We also explored the associations of the dichotomous epidemiological, comorbidity factors with prognosis of COVID-19 (Supplementary Table 2, and Table 2). The males had higher risk of developing the endpoints including death, ARDS, admission to ICU, invasive ventilation, and cardiac abnormality. Hypertension was found to be associated with all seven endpoints, cardiovascular disease and cerebrovascular disease with 6 (except for disease progression), respiratory system disease with 6 (except for Cardiac abnormality), COPD with 5 (except for ARDS and cardiac abnormality), diabetes with 5 (except for the composite endpoint, cardiac abnormality), malignancy with 2 (death, and admission to ICU), etc. Among them, chronic kidney disease contributed mostly for death (RR: 7.10, 95% CI: 3.14-16.02, P<0.001), COPD for admission to ICU (RR: 5.61, 95% CI: 2.68-11.76, P<0.001), the composite endpoint (RR: 8.52, 95% CI: 4.36-16.65, P<0.001), invasive ventilation (RR: 6.53, 95% CI: 2.70-15.84, P<0.001), and disease progression (RR: 7.48, 95% CI: 1.60-35.05, P =0.011), cerebrovascular disease for ARDS (RR: 3.15, 95% CI: 1.23-8.04, P =0.016), coronary heart disease for cardiac abnormality (RR: 5.37, 95% CI: 1.74-16.54, P =0.003). Besides, the associations of continuous age with severity and prognosis of COVID-19 were presented in Table 3. Older age was found to be significantly associated with the disease severity and six endpoints (all P value <0.001, except a marginal association for disease progression).

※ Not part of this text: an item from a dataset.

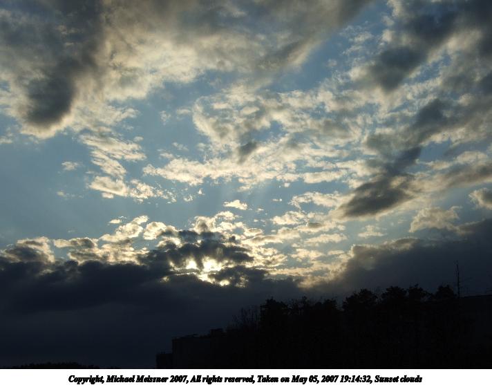 Picture #5: Sunset clouds #3 Thumb: 356x267, 21,368 bytes (21K) Small: 712x557, 59,542 bytes (59K), (html file) Copyright, Michael Meissner 2007, All rights reserved Fujifilm F30 f/7.1, ISO 100, 1/550 sec, 14.1mm, auto mode, program ae color, FINE, average metering 35mm equivalent focal length 64.0mm Taken by Michael Meissner on May 05, 2007 19:15:13 Last modified on May 05, 2007 at 20:15 |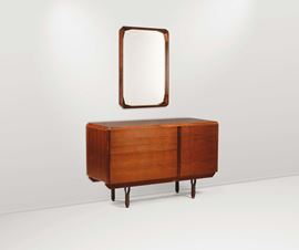 Cassettiera in legno e specchiera con cornice in legno.Prod. Italia, 1960 ca.cm. 137x55x88

The biggest standard mean difference (SMD) was detected for death (SMD: 1.06, 95% CI: 0.85-1.26, P<0.001). However, we didn’t find any statistically significant associations for epidemiological factors, including drinking, local residents of Wuhan, exposure to Hubei Province, contact with confirmed or suspect cases, family cluster, and Huanan seafood market exposure. Sensitivity analyses by changing the pooling model and statistical variables, or using one-at-a-time method, were performed to assess the stability of the results. However, we found the results were not materially changed (data not shown). Further, we applied the Egger test to evaluated the potential publication bias, and very litter evidence (among all 120 associations, only 6 presented the existence of possible publication bias) was detected (Tables 13 and Supplementary Table 2).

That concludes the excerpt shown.